3.2.2 Effect of steam activating temperature and Au loading amount
According to the previous study, it is known that the temperature of steam activating may impact on the structure of SCB, thereby influencing the catalytic activity of Au/SCB catalysts. Besides, the loading amount of Au is also an important parameter for the Au-based catalysts. Hence, the effects of steam activating temperature and Au loading amount were investigated. As shown in Fig. S2a-c, all the xAu/T-SCB catalysts (x = 0.5, 1, 1.5, 2 and 2.5; T = 300°C, 400°C and 500°C) can successfully reduce 4-NP (Fig. S2d-f). As evidenced in the kinetic rates, the catalytic performance of different xAu/T-SCB catalysts is closely related to the steam activating temperature and Au loading amount. Obviously, the catalytic performance is promoted as the steam activating temperature increases from 300°C to 500°C. Among the Au/SCB catalyst prepared in different temperature, the Au/500°C-SCB displays the highest catalytic activity for 4-NP reduction. It might be because that the higher temperature may be beneficial for superheated steam diffusing, resulting in high specific area and abundant pore structure, especially micropore, which is demonstrated by the BET characterization (Table S1). The abundant pore structure is conducive to concentrating 4-NP, thus facilitating the catalytic activity (He et al. 2020). As for different Au loading amount, all the catalysts with 2 mL of Au loading amount prepared under different temperature exhibits higher catalytic activity. Fig. S2d-f displayed the -ln (Ct/C0) vs. time of 4-NP reduction over xAu/T-SCB catalysts (x = 0.5, 1, 1.5, 2 and 2.5; T = 300°C, 400°C and 500°C). With Au loading amount increasing, the catalytic rate is firstly increased and next decreased. It might because the active sites increased with Au content increasing, while the active sites would decreased caused by Au NPs agglomeration with Au content further adding (Jiang et al. 2021). The rate constant kapp is 1.4869, 2.0382 and 2.1925 min−1 for 2Au/300°C-SCB, 2Au/400°C-SCB and 2Au/500°C-SCB, respectively. Overall, considering the catalytic efficiency and economic cost, 2Au/500°C-SCB exhibits better performance, thus employed in the following study.

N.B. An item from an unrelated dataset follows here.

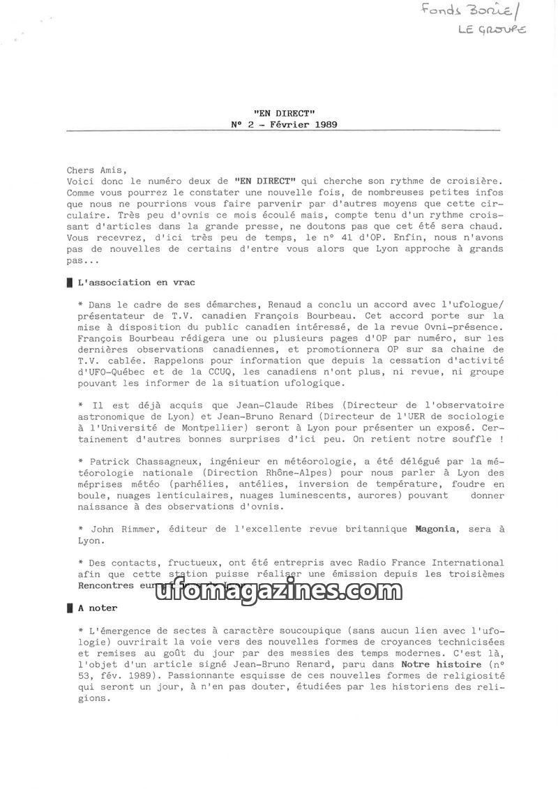 This issue of 'EN DIRECT' highlights ongoing UFO reports and increasing media attention. It details an agreement with Canadian ufologist François Bourbeau to feature Canadian obser

3.2.3 Effect of initial pH
The effect of pH in this catalytic system was investigated at initial pH of 2-9. As shown in Fig. 5a, it is obvious that initial pH can significantly affect the catalytic activity of 2Au/500°C-SCB and the acidic pH condition is beneficial for promoting the catalytic efficiency. With the initial pH increasing from 2 to 9, the catalytic activity decreased to 0.4022 min−1 from 3.8387 min−1 (Fig. 5b). It has been reported that the effect of pH in this catalytic system is closely associated with the pHIEP of 2Au/500°C-SCB and pKa of 4-NP (Nellaiappan et al. 2017, Nguyen et al. 2019a). Zeta potential of the 2Au/500°C-SCB was measured to better understand the influence. Fig. S3 shows the Zeta potential of 2Au/500°C-SCB, which shows a decreasing trend from positive potential to negative potential. The measured pHIEP of 2Au/500°C-SCB is at about pH of 4, indicating that the catalysts are positively charged at pH < 4. It can been known that the catalytic 4-NP reduction by 2Au/500°C-SCB in the presence of excessive NaBH4 conforms to Langmuir-Hinshelwood kinetics model, in which the primarily step procedure is adsorption for catalytic reduction reaction (Qin et al. 2019c). Hence, the BH4− with negative charge would be readily gathered round the 2Au/500°C-SCB surface with positive charge at acidic condition, thus leading to an improved rate constant. In addition, protons in solution can easily bond with BH4− to produce H2 at acidic condition, promoting the formation of activated H and thus enhancing the catalytic activity (Lin &Doong 2014). The results are in well accord with the results obtained from the previous study of Lin and Doong et al., that low pH condition is conducive for accelerating the catalytic efficiency (Lin &Doong 2014, Nguyen et al. 2019b). When pH increases over 5, the form of 4-NP with pKa of 7.2 is anionic. It means that 4-NP anions can be not easily adsorbed onto the negatively charged 2Au/500°C-SCB surface on account of the electrostatic repulsion, thus decreasing the catalytic efficiency (He et al. 2020). The results reflect that the adsorption process is vital for the catalytic reaction, which would be focused on following discussion about the catalytic mechanism.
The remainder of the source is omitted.